INPUT RECORDS:
⟨

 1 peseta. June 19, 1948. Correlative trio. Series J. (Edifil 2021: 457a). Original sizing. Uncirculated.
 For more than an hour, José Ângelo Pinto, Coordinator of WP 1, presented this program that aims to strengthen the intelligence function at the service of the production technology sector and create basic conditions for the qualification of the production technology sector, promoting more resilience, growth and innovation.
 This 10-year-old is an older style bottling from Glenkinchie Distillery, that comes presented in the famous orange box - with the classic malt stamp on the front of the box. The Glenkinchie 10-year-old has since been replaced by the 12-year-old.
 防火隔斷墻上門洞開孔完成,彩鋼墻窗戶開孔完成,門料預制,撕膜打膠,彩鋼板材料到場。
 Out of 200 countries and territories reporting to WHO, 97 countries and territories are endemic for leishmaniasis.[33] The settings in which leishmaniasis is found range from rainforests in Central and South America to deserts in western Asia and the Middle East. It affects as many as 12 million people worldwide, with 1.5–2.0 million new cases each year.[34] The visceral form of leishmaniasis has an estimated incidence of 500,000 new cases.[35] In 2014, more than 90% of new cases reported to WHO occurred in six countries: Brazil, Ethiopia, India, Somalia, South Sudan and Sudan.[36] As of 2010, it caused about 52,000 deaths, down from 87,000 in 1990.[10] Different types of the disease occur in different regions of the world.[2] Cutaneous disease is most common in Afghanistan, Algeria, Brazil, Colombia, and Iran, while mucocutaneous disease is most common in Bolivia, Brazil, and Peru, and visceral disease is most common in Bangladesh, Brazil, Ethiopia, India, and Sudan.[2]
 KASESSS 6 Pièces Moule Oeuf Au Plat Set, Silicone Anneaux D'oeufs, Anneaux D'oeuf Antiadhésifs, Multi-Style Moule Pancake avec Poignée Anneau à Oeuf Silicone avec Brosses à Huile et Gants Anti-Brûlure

⟩
⟨

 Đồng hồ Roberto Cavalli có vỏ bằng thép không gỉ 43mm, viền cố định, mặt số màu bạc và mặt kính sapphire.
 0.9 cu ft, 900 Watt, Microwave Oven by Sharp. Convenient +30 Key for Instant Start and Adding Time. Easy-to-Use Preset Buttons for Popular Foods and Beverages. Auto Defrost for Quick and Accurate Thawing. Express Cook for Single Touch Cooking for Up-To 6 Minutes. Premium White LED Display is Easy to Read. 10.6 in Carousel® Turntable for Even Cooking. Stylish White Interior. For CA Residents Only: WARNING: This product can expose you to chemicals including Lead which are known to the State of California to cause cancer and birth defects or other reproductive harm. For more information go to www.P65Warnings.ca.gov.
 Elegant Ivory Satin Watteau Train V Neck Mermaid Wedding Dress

⟩
⟨

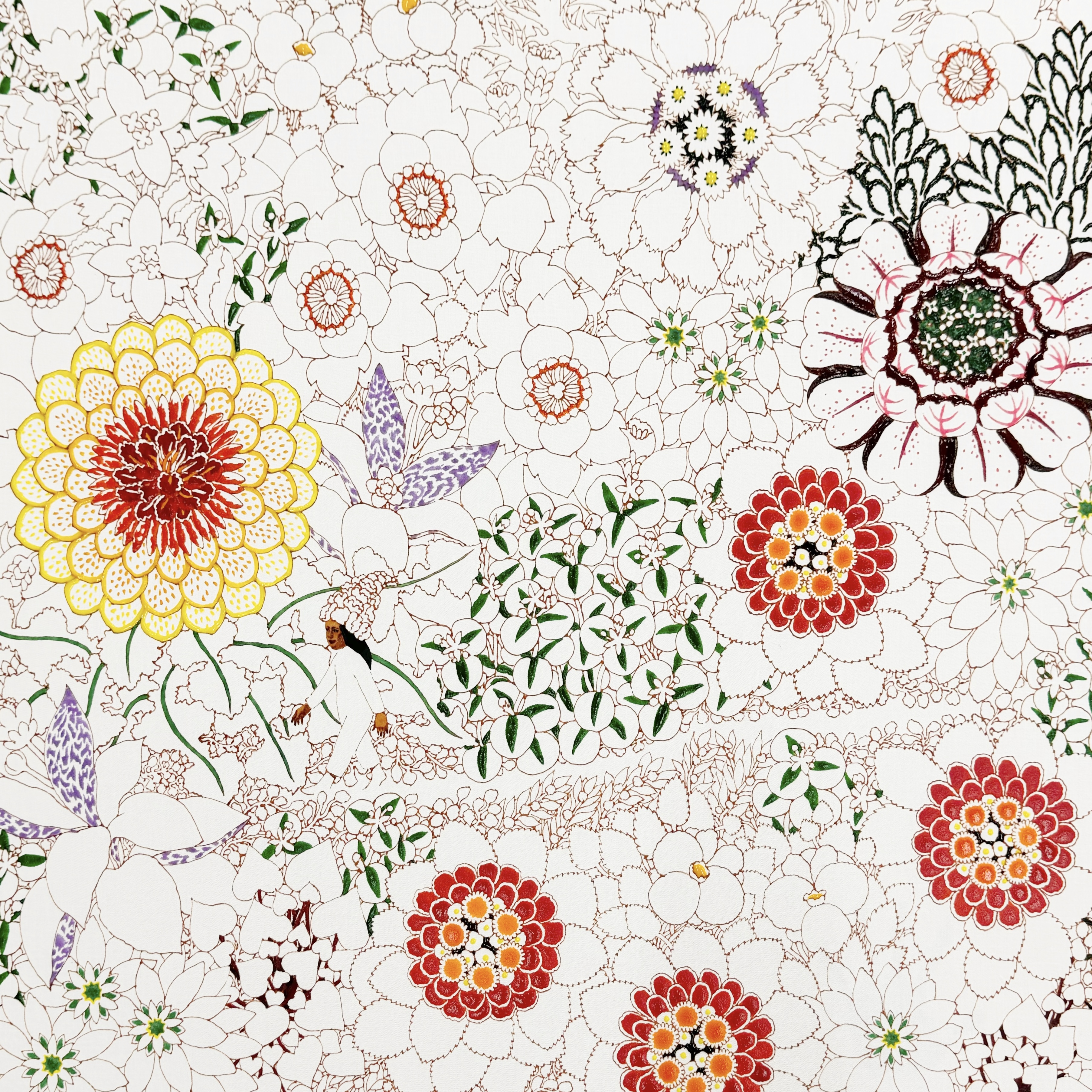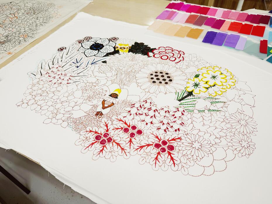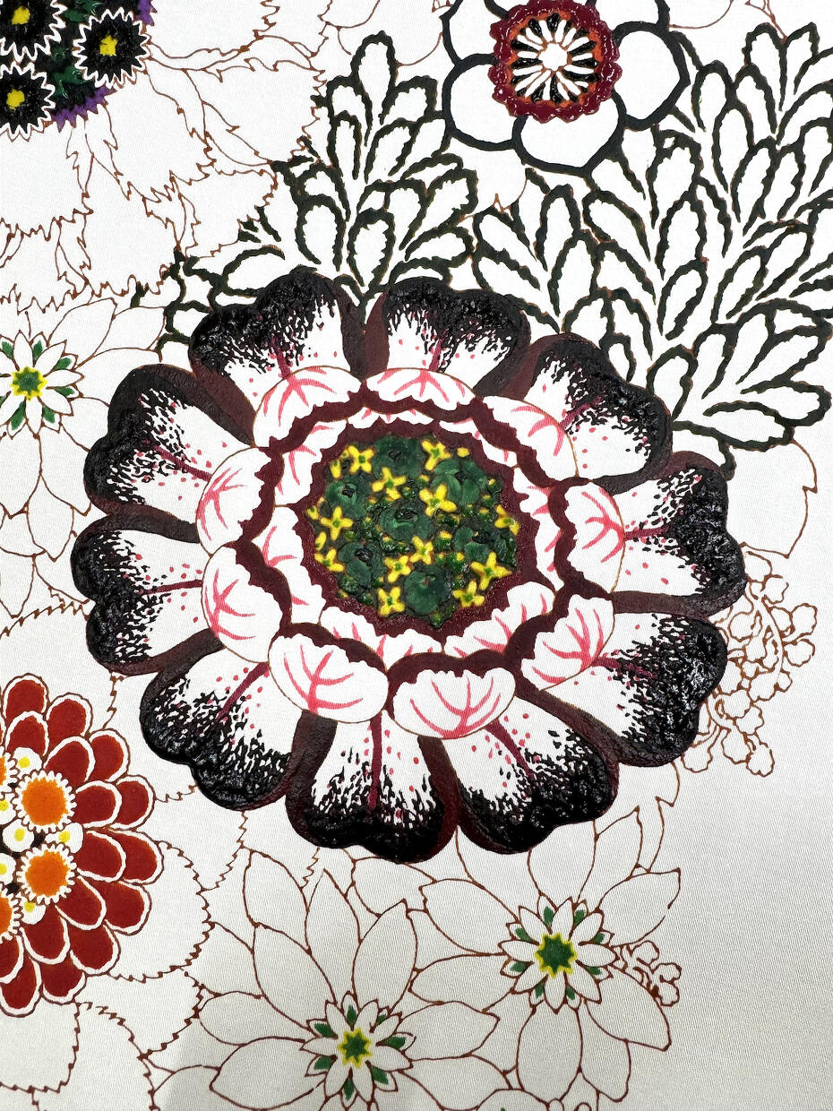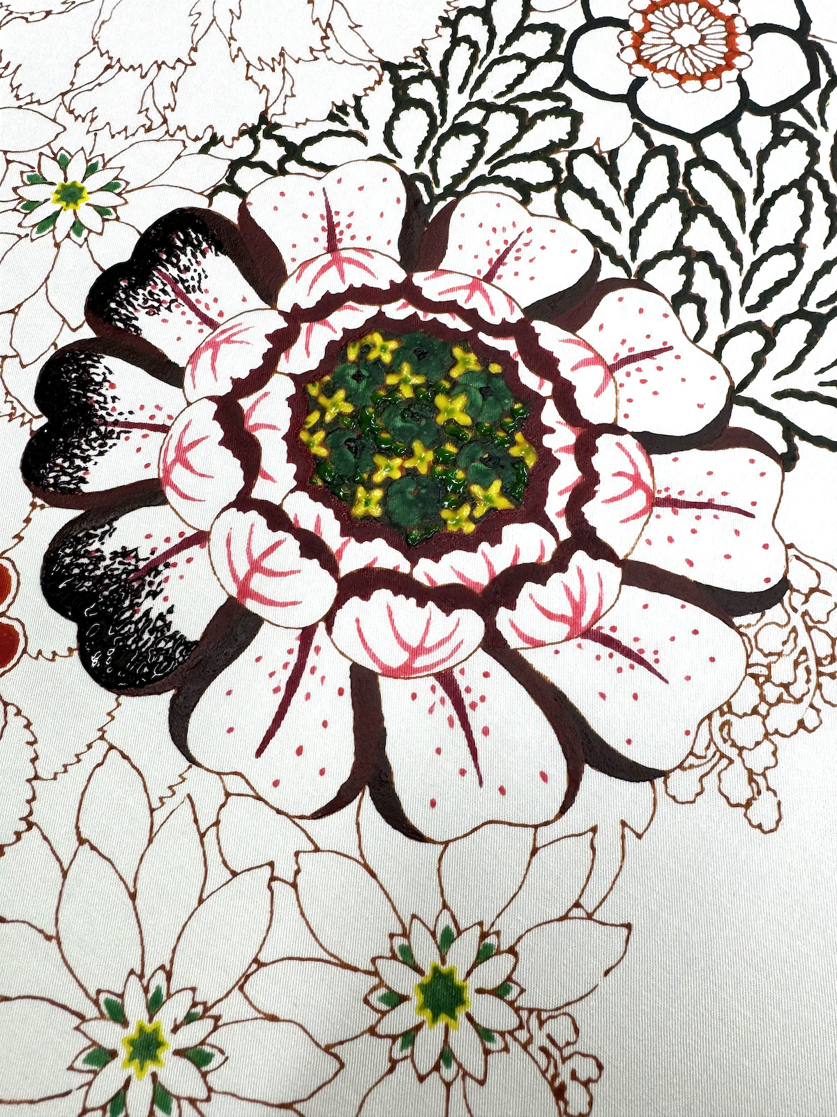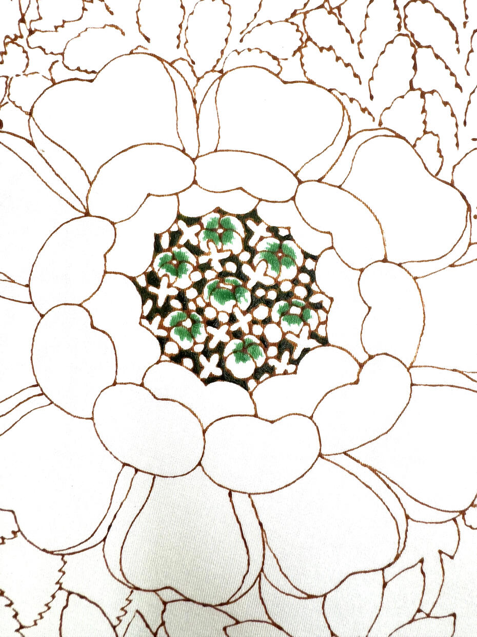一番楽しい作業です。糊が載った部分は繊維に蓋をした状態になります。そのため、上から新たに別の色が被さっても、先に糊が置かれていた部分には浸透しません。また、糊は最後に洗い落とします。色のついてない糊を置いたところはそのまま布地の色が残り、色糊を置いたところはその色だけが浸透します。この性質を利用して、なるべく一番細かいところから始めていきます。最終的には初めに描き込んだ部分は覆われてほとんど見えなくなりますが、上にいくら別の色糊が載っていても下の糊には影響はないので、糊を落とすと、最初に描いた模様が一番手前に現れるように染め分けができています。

⟩

DIRECTIONS FOR THIS TASK:
Using the records above, copy word for word the line with "1 peseta. June", the line with "防火隔斷墻上門洞開孔完成,彩", and every line between them.

REPLY:
 1 peseta. June 19, 1948. Correlative trio. Series J. (Edifil 2021: 457a). Original sizing. Uncirculated.
 For more than an hour, José Ângelo Pinto, Coordinator of WP 1, presented this program that aims to strengthen the intelligence function at the service of the production technology sector and create basic conditions for the qualification of the production technology sector, promoting more resilience, growth and innovation.
 This 10-year-old is an older style bottling from Glenkinchie Distillery, that comes presented in the famous orange box - with the classic malt stamp on the front of the box. The Glenkinchie 10-year-old has since been replaced by the 12-year-old.
 防火隔斷墻上門洞開孔完成,彩鋼墻窗戶開孔完成,門料預制,撕膜打膠,彩鋼板材料到場。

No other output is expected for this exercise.